Il est ainsi clairement interdit de fumer dans des "aires communes fermées", tel que, par exemple, une salle communautaire, un corridor ou un ascenseur. Une copropriété n’est toutefois pas assujettie à l’interdiction de fumer à moins de neuf mètres d’une porte, d'une fenêtre ou d'une prise d’air (art. 2.2). Précisons également qu’il ne faut pas confondre « aires communes » et « parties communes ». La loi ne vise que les espaces publics "fermés". Elle ne saurait donc s’appliquer à toutes les parties communes d'une copropriété, par exemple les balcons qui sont qualifiés de parties communes à usage restreint. 

Par ailleurs, l’intérêt général de la collectivité des copropriétaires, la protection de leur qualité de vie, de celle des locataires et/ou des occupants de l’immeuble, ainsi que la préservation de la qualité de l’air justifient l’adoption d’un règlement interdisant la consommation de cannabis ou de tabac dans les parties communes. Ce règlement devrait faire partie de la section « Règlement d’immeuble » de la déclaration de copropriété. Conséquemment, le vote favorable nécessaire pour leur adoption est celui prévu aux dispositions de l’article 1096 du Code civil du Québec, soit le vote de la majorité des voix présentes ou représentées à l’assemblée. Une fois adopté, ce règlement devrait être immédiatement déposés dans le Registre de la copropriété, et ce afin d’être opposables à tous les copropriétaires.

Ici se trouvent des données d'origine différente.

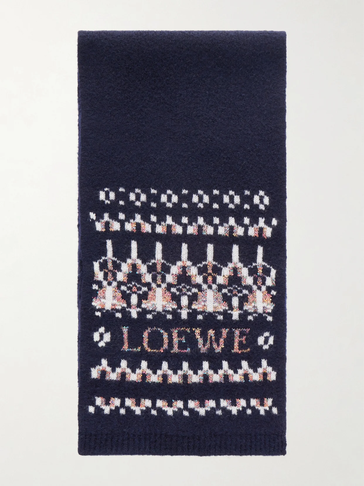 Loewe's scarf is knitted with a charming Fair Isle pattern that shimmers with dainty multicolored sequins. It's made from soft and insulating wool-blend and has ribbed trims so it'll hold its shape.
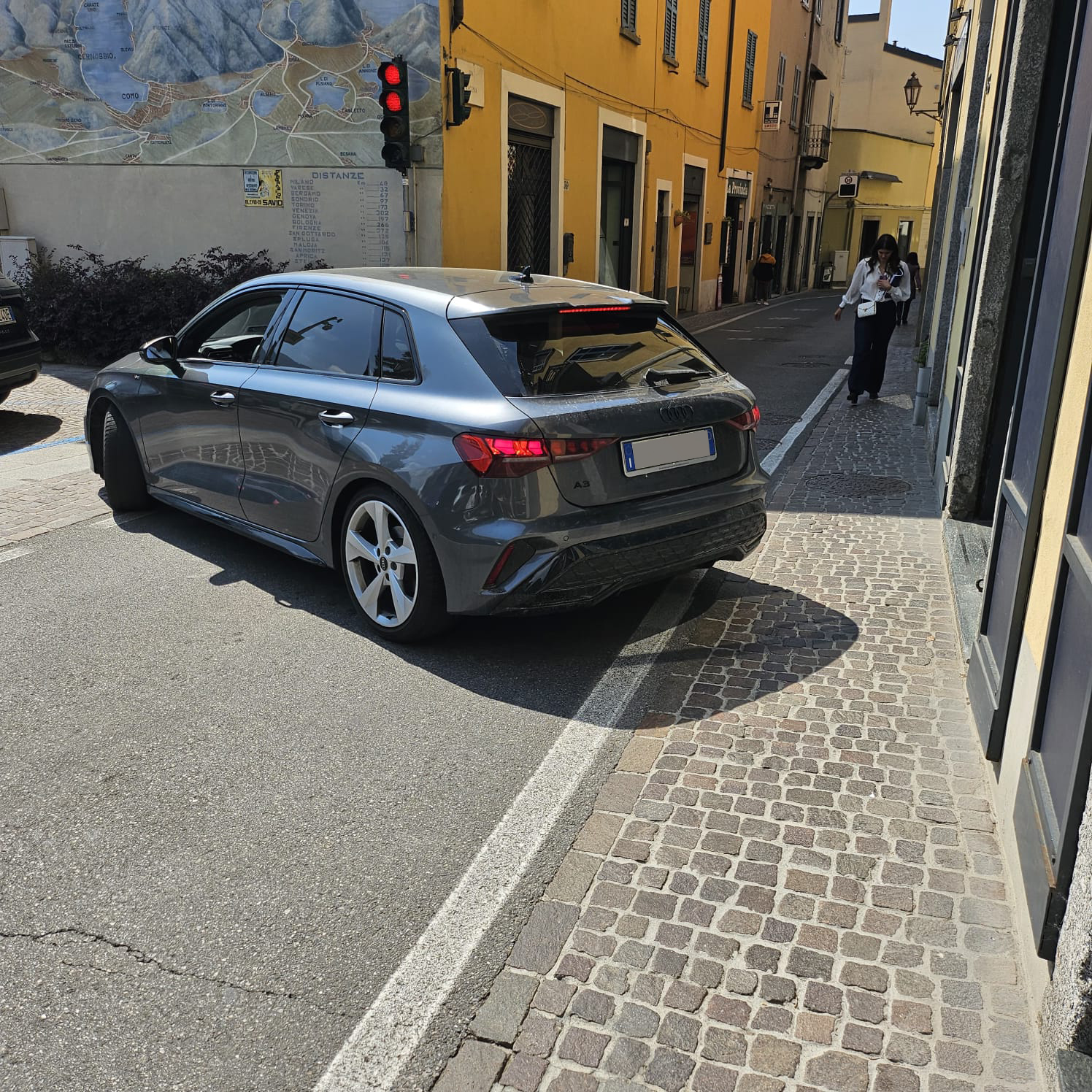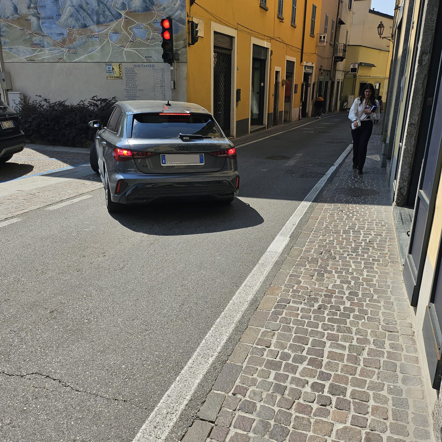 Fa manovra per uscire dal parcheggio con tanto di aiuto esterno della sciura che gli dava istruzioni ed era già rosso. Poi non curante ha fatto tutta la strettoia con semaforo già verde per chi arrivava dalla direzione opposta. I pedoni sulla strettoia ormai rischiano la vita. Non sono riuscita a fare video perché ero al telefono con una amica a cui ho descritto situazione surreale.
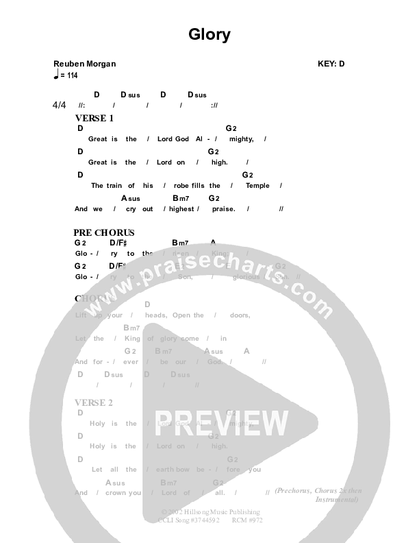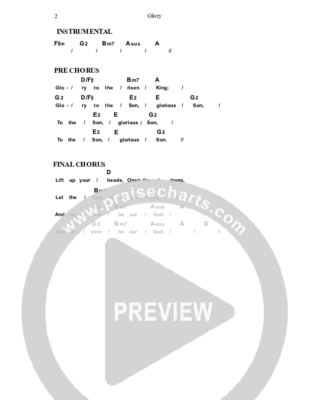 Download the PDF Chord Charts for Glory by Dennis Prince / Nolene Prince, from the album Resource Christian Music.
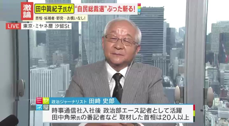 【喝!】「この方しかいません」田中眞紀子氏が総裁選を斬る!!誰が新総裁に相応しい?首相・候補者お構いなし、本音で激論
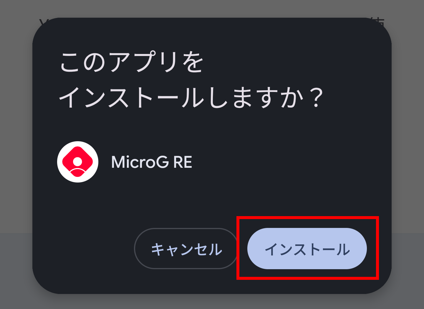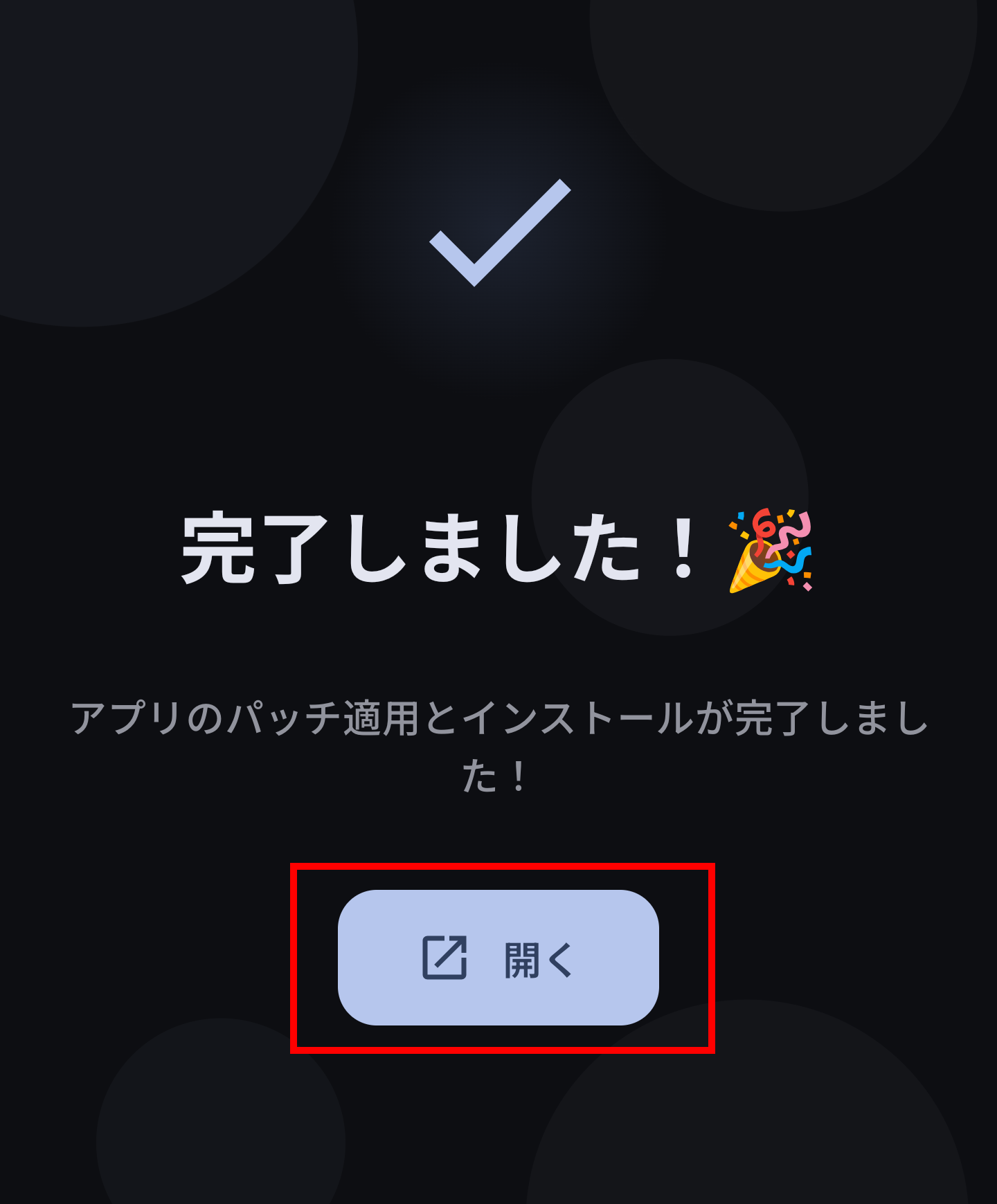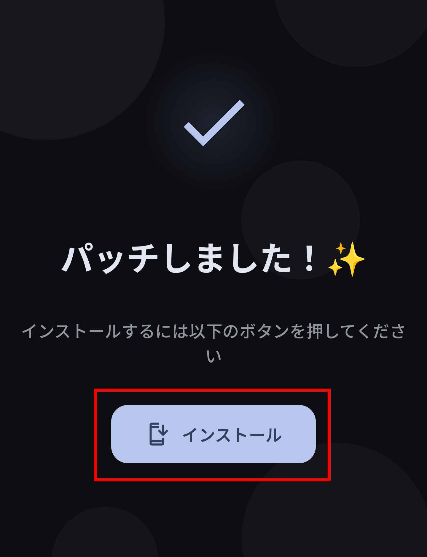 「パッチしました!」と表示されたら「インストール」をタップします。
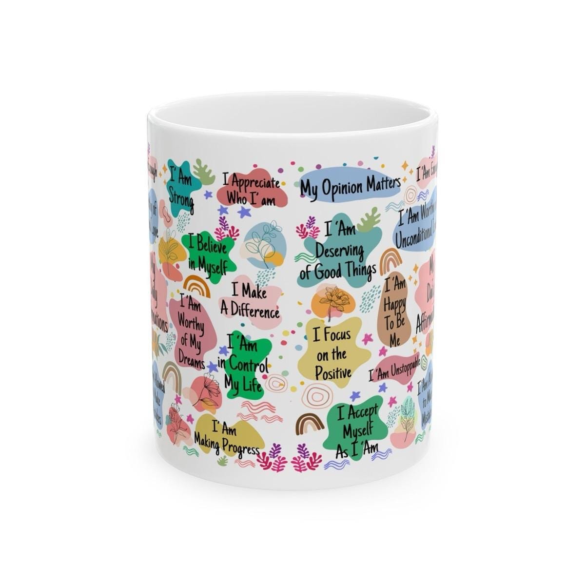 This mug is designed to promote mental health and well-being. It features positive affirmations that can help to boost confidence and reduce negative thoughts. The mug is perfect for those who want to start their day with a positive mindset and a reminder of their worth.
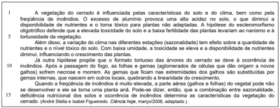 [...] a combinação entre sazonalidade, deficiência nutricional dos solos e ocorrência de incêndios determina as características da vegetação do cerrado. (linhas 14 a 16)
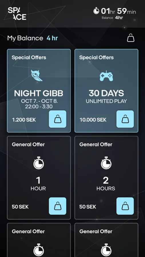 Check in frequently in the Space Gaming App to take part of exciting events and offers that happens at Space
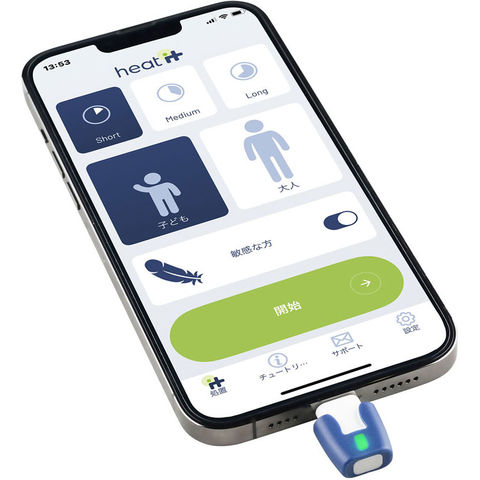 ヒートイットはスマートフォンの充電ポートに挿し込んで使用する虫さされ対策機器です。
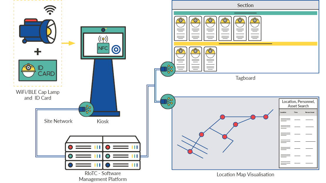 Essential for maximising the value provided by your personnel’s onsite equipment such as WiFi/BLE cap lamps and belt tags. This solution includes our device management platform which enables:
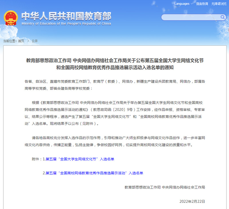 近日,中华人民共和国教育部下发了《教育部思想政治工作司、中央网信办网络社会工作局关于公布第五届全国大学生网络文化节和全国高校网络教育优秀作品推选展示活动入选名单的通知》。在校党委宣传部领导组织下,qmh官网马克思主义学院提交的网络作品《青藏铁路精神》获得优秀奖。

Interdiction de fumer dans les parties privatives 

La fumée secondaire peut se frayer un chemin d'une partie privative à l'autre. Il en est ainsi dans les crevasses et les brèches des murs, des planchers ou des plafonds, dans les prises électriques, les prises de téléphones ou de câbles, les tuyaux ou les luminaires. Les systèmes de ventilation mal calibrés peuvent également être une cause de cette migration. Dans les circonstances, peut-on bannir la consommation de la cigarette dans les parties privatives?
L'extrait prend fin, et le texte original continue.